Three Types of Process Mining
- Discovery: Automatically generating a process model from event log data without any prior process documentation. The algorithm analyzes timestamps, activity names, and case identifiers to reconstruct the actual flow of work, including all variations, loops, and exceptions.
- Conformance checking: Comparing the discovered process model against an intended or documented process to identify deviations. This reveals where employees bypass prescribed steps, where process bottlenecks force workarounds, and where the documented process does not match reality.
- Enhancement: Using event log data to improve an existing process model. Enhancement adds performance data (cycle times, wait times, throughput) to the process map, enabling data-driven optimization of specific process steps.
How Workflow Mining Works
Workflow mining requires event log data with three minimum fields per event:
- Case ID: A unique identifier for each process instance (e.g., order number, ticket ID, invoice number).

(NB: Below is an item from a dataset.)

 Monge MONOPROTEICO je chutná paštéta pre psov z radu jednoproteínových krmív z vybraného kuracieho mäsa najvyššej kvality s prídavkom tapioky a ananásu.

- Activity name: The specific step performed (e.g., "Create Purchase Order," "Approve Invoice," "Ship Order").
- Timestamp: When the activity occurred.
The mining algorithm groups events by case ID, orders them by timestamp, and constructs a directed graph showing the most common paths through the process. Variant analysis identifies the most frequent process paths and highlights deviations. For example, in an order-to-cash process, the standard path might have 8 steps, but workflow mining might reveal 47 different variants, including loops, skipped steps, and rework patterns.
Process Mining Tools (as of March 2026)
| Tool | Type | Key Strength |
|---|---|---|
| Celonis | Market leader, enterprise platform | Largest installed base, strong SAP and ERP integration |
| UiPath Process Mining | Part of UiPath automation suite | Tight integration with UiPath RPA for discovery-to-automation |
| Minit (Microsoft) | Acquired by Microsoft in 2022 | Integrates with Power Automate and Dynamics 365 |
| Apromore | Open-source and enterprise editions | Academic-grade algorithms, BPMN export |
| IBM Process Mining | Part of IBM Cloud Pak | Enterprise integration with IBM automation portfolio |
Celonis holds the dominant market position with an estimated 30-35% market share among enterprise process mining platforms as of 2025, according to Everest Group. UiPath Process Mining is the fastest-growing due to its bundled offering with UiPath's RPA platform.

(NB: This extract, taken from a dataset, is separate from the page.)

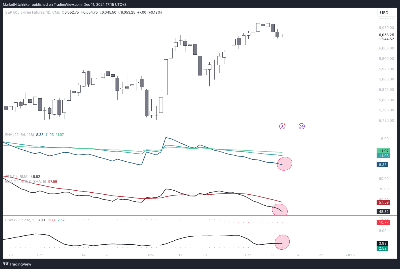 Exponential historical vol, ATR & Bolling Bands Width are in max contraction mode

Relationship to Automation
Workflow mining is increasingly used as the front end of automation initiatives. The workflow is: (1) mine existing processes to identify automation candidates, (2) prioritize based on volume, cost, and complexity, (3) build automations using RPA or workflow platforms, and (4) continuously monitor the automated process through ongoing mining.
This "mine-automate-monitor" cycle is central to the hyperautomation strategy advocated by Gartner, which positions process mining as a prerequisite for intelligent automation rather than an afterthought.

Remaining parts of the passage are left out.